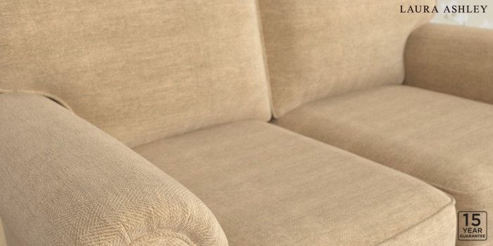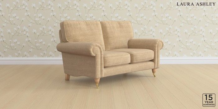 6.12.1 Buy Kingston by Laura Ashley 2 Seater Small Sofa Edwin Chenille Gold Natural Low Brass Castor - Light Oak from the Next UK online shop Click here to use our accessible website
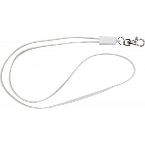 TPE lanyard en laadkabel in één. De kabel is ongeveer 90 cm lang, met een USB en micro USB aansluiting, die ook functioneert als Lightning aansluiting wanneer omgedraaid. De vierkante sluiting heeft een karabijnhaak.
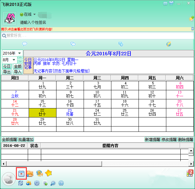 点击下方的日程安排提醒功能,如图,可以显示日历、安排记事,
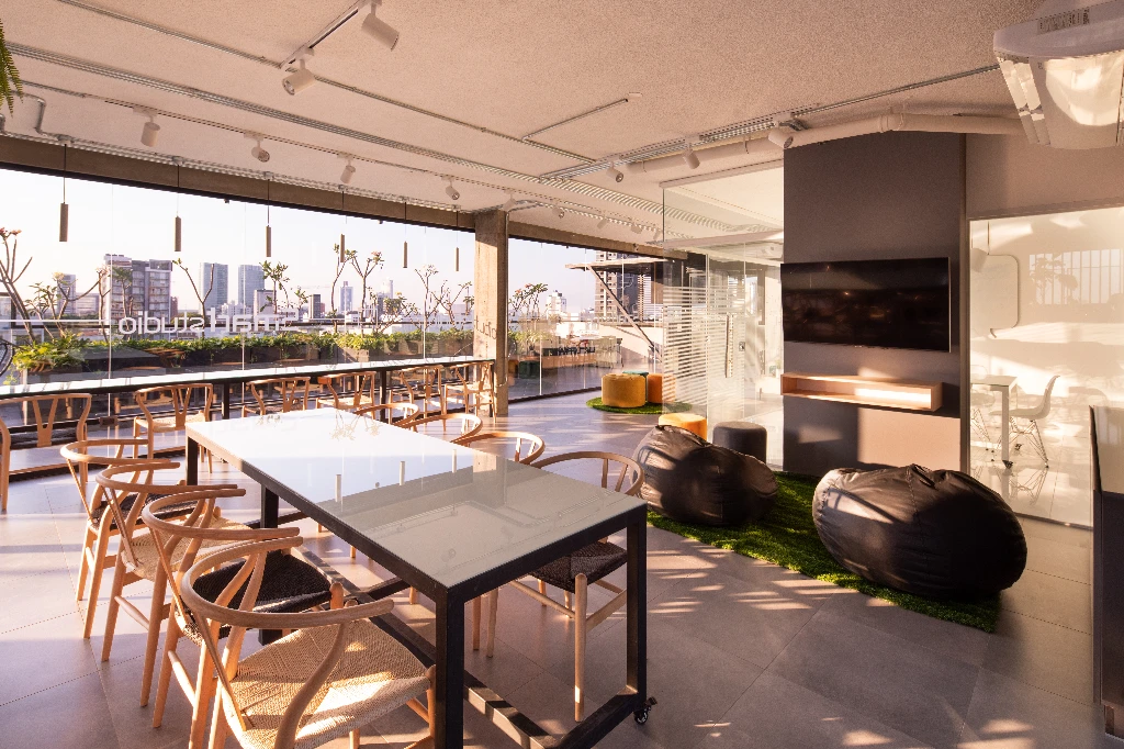 Los seis niveles superiores concentran departamentos y estudios compactos, organizados bajo criterios de eficiencia espacial y racionalidad estructural. La terraza común constituye el remate programático del edificio, integrando dos piscinas, churrasqueras, salas de lujo de uso común, áreas de cowork, lavanderías compartidas y espacios abiertos de esparcimiento, configurando un plano elevado de interacción social y comunitaria.
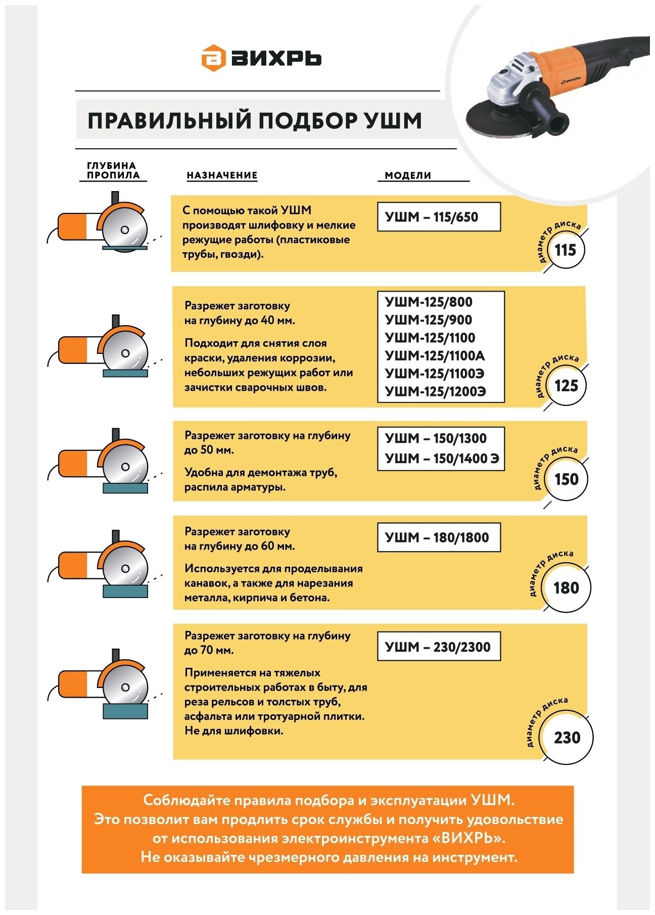 Вихрь - надежная УШМ, широкий функционал которой может оценить каждый. Удобная прорезиненная ручка не даст соскочить инструменту и при этом обеспечит комфортный хват в руке. А крепкий корпус и надежная сборка обеспечат долговременную работу УШМ. В модели предусмотрено использование шлифовальных кругов диаметром до 125 мм, что вполне достаточно для бытового использования инструмента.
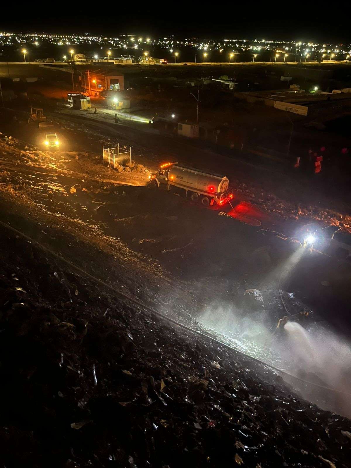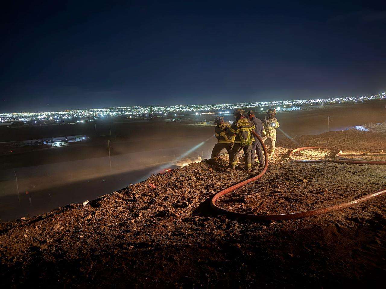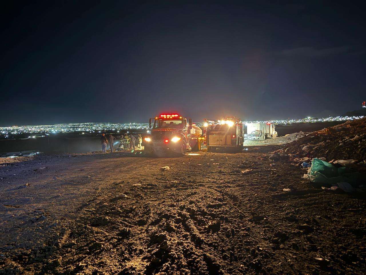 Chihuahua.- Elementos del Heroico Cuerpo de Bomberos lograron controlar y extinguir un incendio registrado en el perímetro de ingreso al Relleno Sanitario Municipal, evitando que las llamas se propagaran a otras celdas de desecho.

WORK TO BE COMPLETED: Only an exact copy belongs in the answer: the lines from the one containing "Вихрь - надежная" through the end of the records, both ends included, minus the pictures.

EXERCISE RESPONSE:
 Вихрь - надежная УШМ, широкий функционал которой может оценить каждый. Удобная прорезиненная ручка не даст соскочить инструменту и при этом обеспечит комфортный хват в руке. А крепкий корпус и надежная сборка обеспечат долговременную работу УШМ. В модели предусмотрено использование шлифовальных кругов диаметром до 125 мм, что вполне достаточно для бытового использования инструмента.
 Chihuahua.- Elementos del Heroico Cuerpo de Bomberos lograron controlar y extinguir un incendio registrado en el perímetro de ingreso al Relleno Sanitario Municipal, evitando que las llamas se propagaran a otras celdas de desecho.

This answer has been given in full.